No analysis of Keaton’s personality can be discussed without his attitude towards acrobatic gags. He was surely a superior comic in this activity and was daring in executing some of the most spectacular comic tricks of all time. In early days he padded himself and doubled for Fatty Arbuckle, executing falls from trains and so forth. Many thought that he was crazy, especially in Steamboat Bill Jr., with only a 3 inch clearance around him to have a 2 ton house front collapse over him like a giant fly-swatter.
Unfortunately, Keaton’s artistic integrity was not linked with a strong business sense. Chaplin and Lloyd had a combination of these qualities that helped them retain control of their productions and kept the merit of their films on a high level until nearly the end of their careers. Late in the 20’s Keaton’s films began to wane in quality when he lost control of the total creative process.
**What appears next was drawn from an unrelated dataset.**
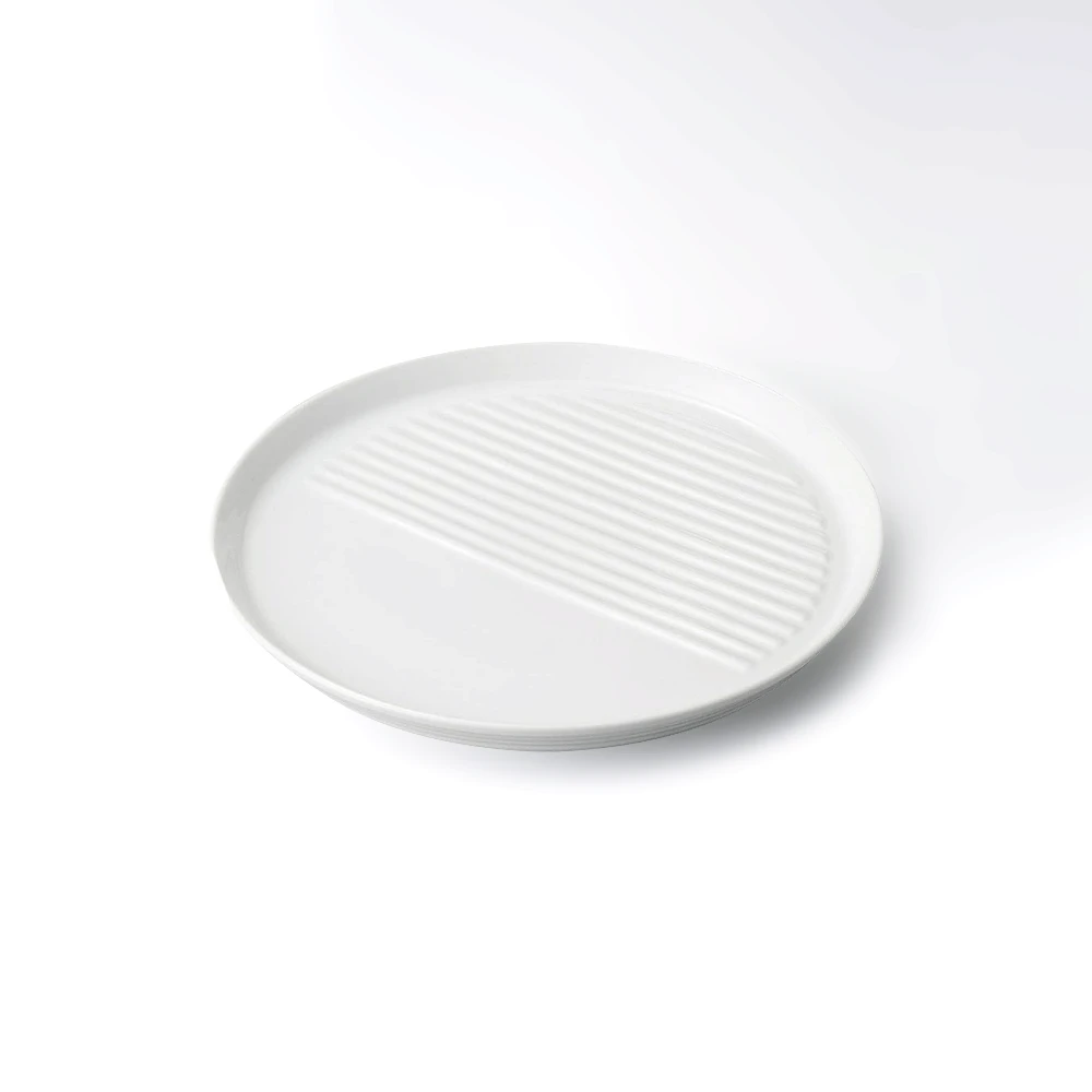 What makes this plate unique is its half-ribbed pattern. Covering only half of the plate’s surface, this pattern adds visual appeal while helping to drain excess oil and water from food. It also helps preserve the original texture of the food. Additionally, the three-dimensional ribbing assists in keeping foods like toast crispy for longer by reducing moisture retention.
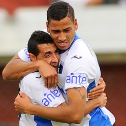 Gonzalo Freitas, la gran figura, y el abrazo con Gonzalo Sena.

In the late 20’s Keaton gave up his production company and moved to M.G.M. in what he eventually considered to be the worst mistake of his career. He made his first feature for them called The Cameraman. The films he started to do did well but Keaton wanted to develop his own material. The studio felt that the material he wanted to develop was dated and that slapstick was undignified and unsuited to the modern sound picture. Irving Thalberg had bought a story for Buster and had assigned comedienne Charlotte Greenwood as leading lady. It was the 1917 Broadway hit Parlor, Bedroom and Bath. Buster took it well but with reservations. He told the studio that it was not his type of picture but put his all into it. A lot of critics, American and foreign alike, questioned M.G.M.’s judgement. Most of the film was made on location in Keaton’s Beverly Hills home where he also did the foreign versions of the same picture (a German version called Casanova wieder Willen and a French version Buster so marie). Some of the shots of his fine place add something that the picture would have lacked if it had been shot on a studio sound-stage. Keaton wanted authentic locales, costumes and props in the execution of his stories.
Both Lloyd and Keaton had great admiration for each other. Keaton once said of Lloyd that he found him a great picture man, “an experimenter”. Lloyd had also admired Keaton’s ability to spin an excellent comic tale. Both were most anxious to create the best stories for their characters. The story always took priority, with the actor next.